* Task to carry out:
Once the images are set aside, print the remaining lines below exactly.

* Exercise data:
━━━━━━

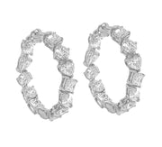 18kt white gold prong set marquise, princess, pear, emerald, heart, oval and round brilliant diamond hoop earrings.
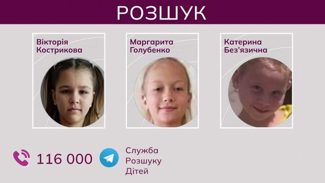Тринадцятирічна Вікторія Кострикова, п’ятнадцятирічна Маргарита Голубенко та шістнадцятирічна Катерина Без’язична. Усі ці дівчатка зник...
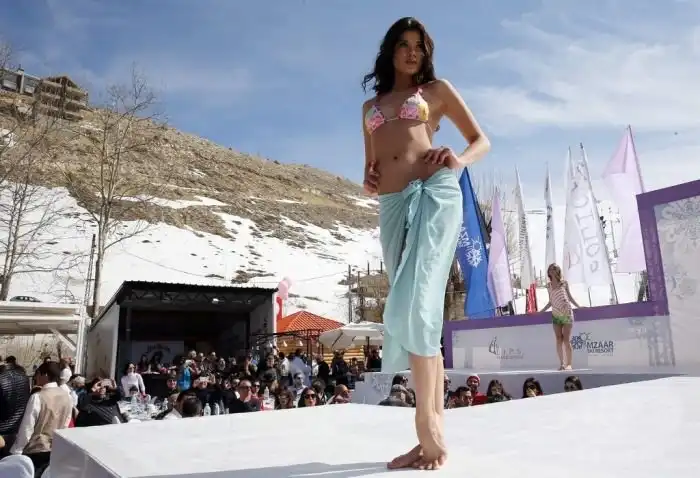 В Ливане на горнолыжном курорте Фарайи прошло ежегодное шоу «Лыжи и мода», в рамках которого состоялся показ нижнего белья от бренда Diamony. Полуобнаженные модели вмиг покорили зрителей, которые по достоинству оценили недешевые белье и самих девушек.

━━━━━━

* Exercise result:
 18kt white gold prong set marquise, princess, pear, emerald, heart, oval and round brilliant diamond hoop earrings.
Тринадцятирічна Вікторія Кострикова, п’ятнадцятирічна Маргарита Голубенко та шістнадцятирічна Катерина Без’язична. Усі ці дівчатка зник...
 В Ливане на горнолыжном курорте Фарайи прошло ежегодное шоу «Лыжи и мода», в рамках которого состоялся показ нижнего белья от бренда Diamony. Полуобнаженные модели вмиг покорили зрителей, которые по достоинству оценили недешевые белье и самих девушек.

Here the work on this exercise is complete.